Municipalities get more support
Following the 2024 budget, Ontario’s Big City Mayors commended the government for “listening to municipalities” and addressing infrastructure deficits across the province.
The Ontario government is doubling down on supporting municipalities, with an emphasis on smaller communities.
- $100 million over the next two years to increase the Ontario Municipal Partnership Fund. This is the primary transfer payment from the province to municipalities, giving smaller townships with less income, more funds to operate;
- $1 billion for the new Municipal Infrastructure Program to support projects enabling housing starts in growing communities; and
- Enhancing the Housing-Enabling Water Systems Fund to $825 million.
The province is also prioritizing supporting Ontario taxpayers with direct reimbursements, including tax rebates and cuts, simplifying payment methods for transit, and tying supports to inflation. More specifically, the province is:
- Proposing to provide a $200 taxpayer rebate, for all eligible adult Ontario tax filers, plus an additional $200 for each eligible child under 18 whose families qualify for a Canada Child Benefit payment for 2024;
- Proposing to extend the current temporary gas tax and fuel tax rate cuts keeping the rates at nine cents per liter until June 30, 2025;
- Launching One Fare so transit riders only pay once for transfers between transit systems in the Greater Toronto Area; and
- Expanding the Ontario Guaranteed Annual Income System (GAINS) program and indexing the GAINS benefit to inflation.
Primary care takes primary role
Finally, the province is redoubling its efforts to invest in healthcare, focusing on primary care training, fertility care accessibility and supporting seniors.
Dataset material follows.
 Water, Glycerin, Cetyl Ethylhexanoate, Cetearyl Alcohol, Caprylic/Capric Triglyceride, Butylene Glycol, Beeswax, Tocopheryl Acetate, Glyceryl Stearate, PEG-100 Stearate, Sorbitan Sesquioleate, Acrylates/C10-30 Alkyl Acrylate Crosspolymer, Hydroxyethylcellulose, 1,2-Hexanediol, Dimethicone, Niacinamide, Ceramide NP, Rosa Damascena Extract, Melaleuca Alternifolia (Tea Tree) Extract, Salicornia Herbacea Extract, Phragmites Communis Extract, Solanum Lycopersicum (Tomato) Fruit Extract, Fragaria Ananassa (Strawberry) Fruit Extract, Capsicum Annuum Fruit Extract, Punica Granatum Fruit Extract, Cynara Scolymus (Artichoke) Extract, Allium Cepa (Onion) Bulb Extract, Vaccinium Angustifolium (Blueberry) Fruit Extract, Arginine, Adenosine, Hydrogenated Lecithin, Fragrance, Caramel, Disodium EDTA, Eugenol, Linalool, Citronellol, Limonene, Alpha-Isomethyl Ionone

Specific strategies include:
- Extending Ontario’s Learn and Stay program by providing an additional $17.7 million for 2026-27;
- Expanding the Ontario Fertility Program by $150 million and committing to introduce a new fertility tax credit in 2025;
- Prioritizing access for Ontario residents for medical school seats; and
- Investing $17 million over the next 3 years to support 100 new Seniors Active Living Centres.
Why it matters
- This FES represents the return to a fiscal norm that Tories have been craving, especially after payouts surrounding Bill 124 had inflated Ford’s deficit to higher levels than promised.
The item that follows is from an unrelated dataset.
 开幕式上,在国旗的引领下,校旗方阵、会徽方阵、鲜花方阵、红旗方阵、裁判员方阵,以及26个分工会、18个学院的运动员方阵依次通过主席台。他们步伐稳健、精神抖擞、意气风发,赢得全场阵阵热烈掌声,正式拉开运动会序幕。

- The contents of the FES, especially the $200 taxpayer rebate, are all important incentives for the PC’s to offer voters as they gear up for a potential early election in the spring of next year.
Opposition says FES focused on wrong issues
Liberals
According to Ontario Liberals, Doug Ford is “failing to do his job and address the issues that really matter to Ontario families.” The Liberals did not hold back when commenting on this year’s FES, criticizing the government on two main topics, health care and prioritizing Ontario’s wealthiest.
Liberal Leader Bonnie Crombie focused on Ford’s desire to put “his rich friends first”:
- “Doug Ford is more focused on billion-dollar giveaways to wealthy insiders than he is on fixing health care. People are dying on waitlists, and Doug Ford is spending billions on booze, foreign spas and the Greenbelt scandal.”
This response is consistent with their month-long criticism of Ford’s handling of Ontario’s health care system.
NDP
Similar to the Liberals, the NDP framed Ford’s fiscally focused FES as out-of-touch with the lived realities of everyday Ontarians.
In a statement, Leader of the Opposition Marit Stiles claimed Ontarians “aren’t getting what they paid for,” arguing it is filled with “stale ideas and empty promises.” Specifically, the NDP pointed out the reduced amount of housing starts, delay of transit projects, and lack of supports to address the cost of living as major oversights.